Once this finishes, pip install invokeai will get the release!

Publish the GitHub RC with installer

  1. Draft a new release on GitHub, choosing the tag that initiated the release.
  2. Write the release notes, describing important changes. The Generate release notes button automatically inserts the changelog and new contributors, and you can copy/paste the intro from previous releases.
  3. Upload the zip file created in [Build the installer] into the Assets section of the release notes. You can also upload the zip into the body of the release notes, since it can be hard for users to find the Assets section.
  4. Check the Set as a pre-release and Create a discussion for this release checkboxes at the bottom of the release page.
  5. Publish the pre-release.
  6. Announce the pre-release in Discord.

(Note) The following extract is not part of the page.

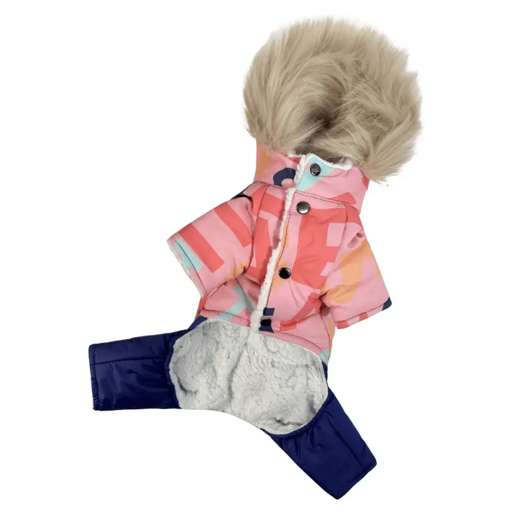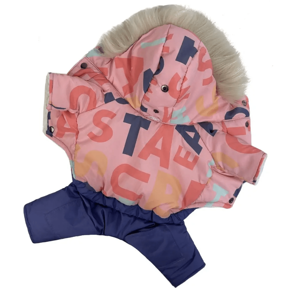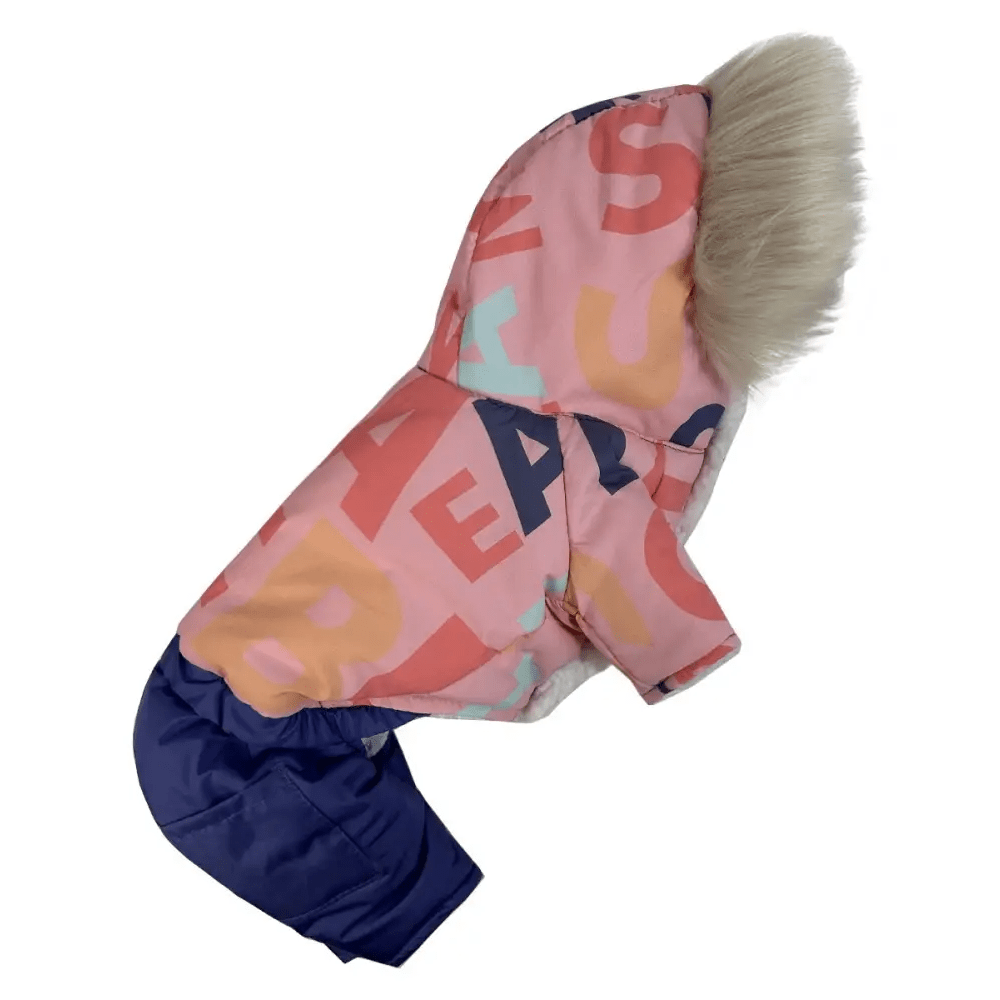 Зимний комбинезон для собак AM-31 с розовым принтом букв сочетает стильный дизайн и защиту от холода, делая зимние прогулки комфортными для вашего питомца. Выполненный из водоотталкивающей плащевки, этот комбинезон защищает от влаги, а синтепоновый наполнитель надёжно сохраняет тепло. Мягкая плюшевая подкладка из меха добавляет дополнительный уют и комфорт.

!!! info Future Enhancement

Workflows can do things like create a release from a template and upload release assets. One popular action to handle this is [ncipollo/release-action]. A future enhancement to the release process could set this up.

Manually Running the Release Workflow

The release workflow can be kicked off manually. This is useful to get an installer build and test it out without needing to push a tag.

When run this way, you'll see Skip code checks checkbox. This allows the workflow to run without the time-consuming 3 code quality check jobs. The publish jobs will be skipped if enabled.